# How does regularized regression overcome the p > n problem?

So, I understand why simple linear or logistic regression will have infinite solutions in this case (good answers here and here). But while LASSO will only select n features, Elastic net does not have this limitation. This answer explains how regularization limits the potential solutions to a problem so that building a model can be possible. Is the same concept true of Elastic Net? If regularization limits the possible solutions, then how is the "final" solution chosen from that space?

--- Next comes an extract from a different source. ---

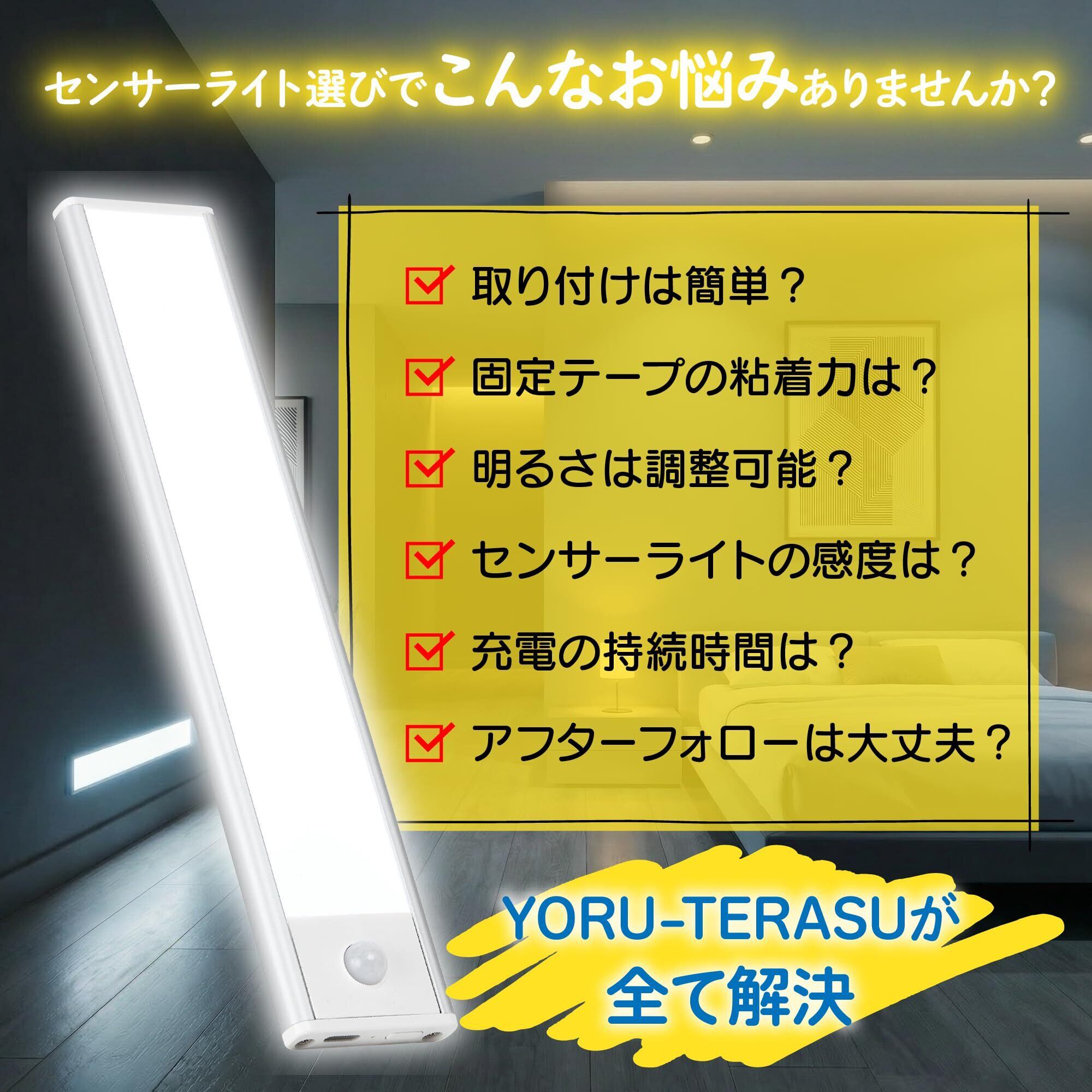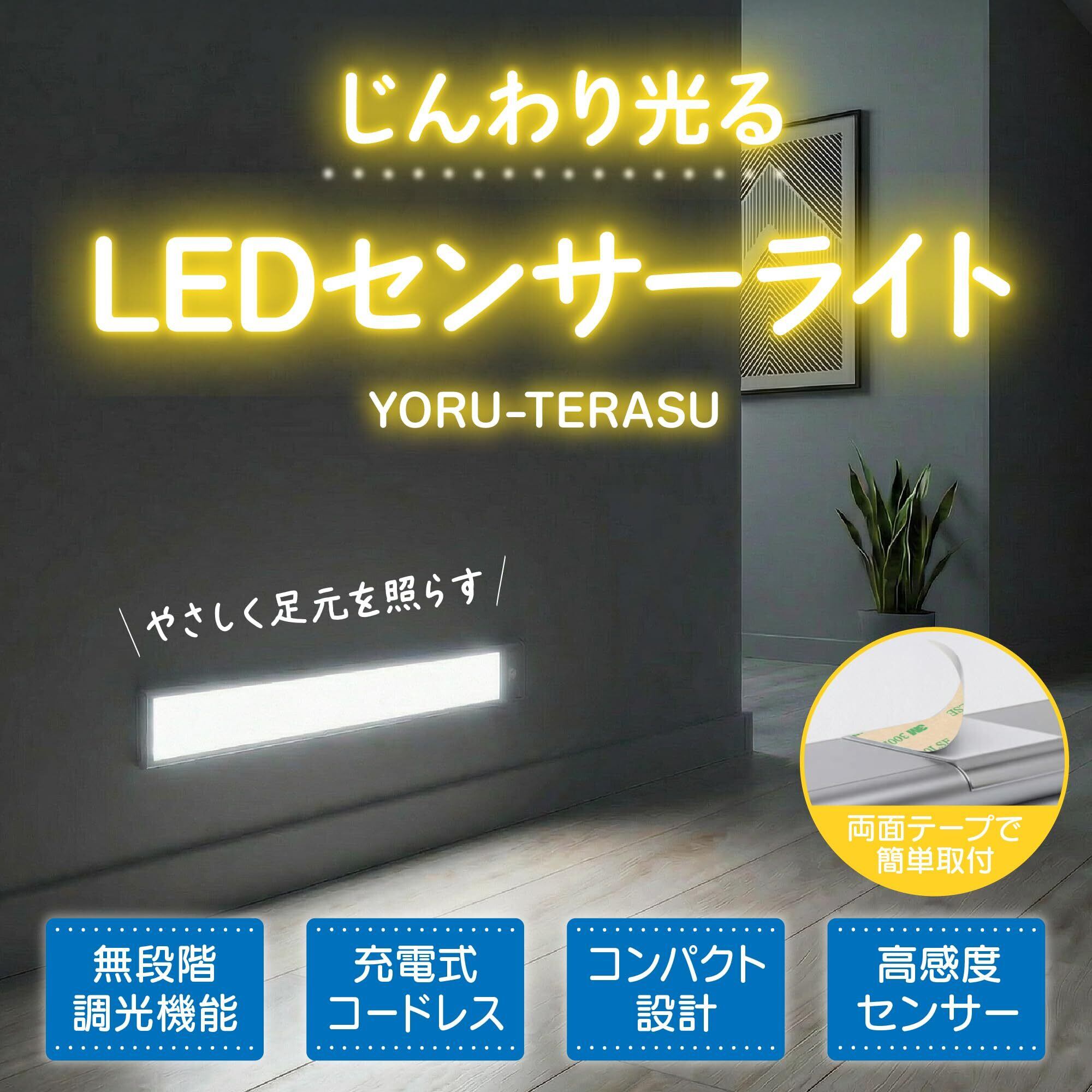 【安定性と柔軟性を兼ね備えた設計ヨルテラスのセンサーライトは、3Mの両面テープを採用しています。これにより、粘着力を発揮し、ライトは安定して固定され、簡単には落ちることがありません。さらに、その9mmの薄さのコンパクトな設計により、場所を選ばずに設置することが可能です。壁から天井、家具まで、あらゆる表面に対応するこのセンサーライトは、その粘着力とコンパクトさにより、どこでも取り付けることができます。ヨルテラスは、信頼性と柔軟性を兼ね備え、あなたの生活空間に最適な照明を提供します。

• Have a look at web.stanford.edu/~hastie/TALKS/enet_talk.pdf Commented May 21, 2019 at 19:33
• @GabrielRomon I looked through this but perhaps the section I need went over my head... where in here do they address the problem of selecting more predictors than observations? Commented Jun 11, 2019 at 15:36
• A lot is said on page 9. For the details you definitely want to check the original paper. If something in the paper is unclear, don't hesitate to ask. Commented Jun 11, 2019 at 16:17
• With penalization the effective p is much lower than the apparent p. Commented Sep 30, 2023 at 15:44
• Near duplicate: stats.stackexchange.com/questions/274225/….
– whuber
Commented Sep 30, 2023 at 16:44

One way to look at this is that (as long as $$\lambda_2\neq 0$$) the L2 penalty is equivalent to adding $$p$$ examples: $$\Vert y - X \beta \Vert^2 + \lambda_2 \Vert \beta \Vert^2 = \Vert \tilde y - \tilde X \beta \Vert^2$$ with $$\tilde X = \begin{bmatrix}X\\ \sqrt{\lambda_2} I_{p\times p}\end{bmatrix} \quad \tilde y = \begin{bmatrix}y\\ 0_{p\times 1}\end{bmatrix}.$$ So, in general, $$n\times p$$ ridge regression is equivalent to $$(n+p)\times p$$ non-regularised regression. Similarly $$n\times p$$ elastic-net regression is equivalent to $$(n+p)\times p$$ Lasso regression.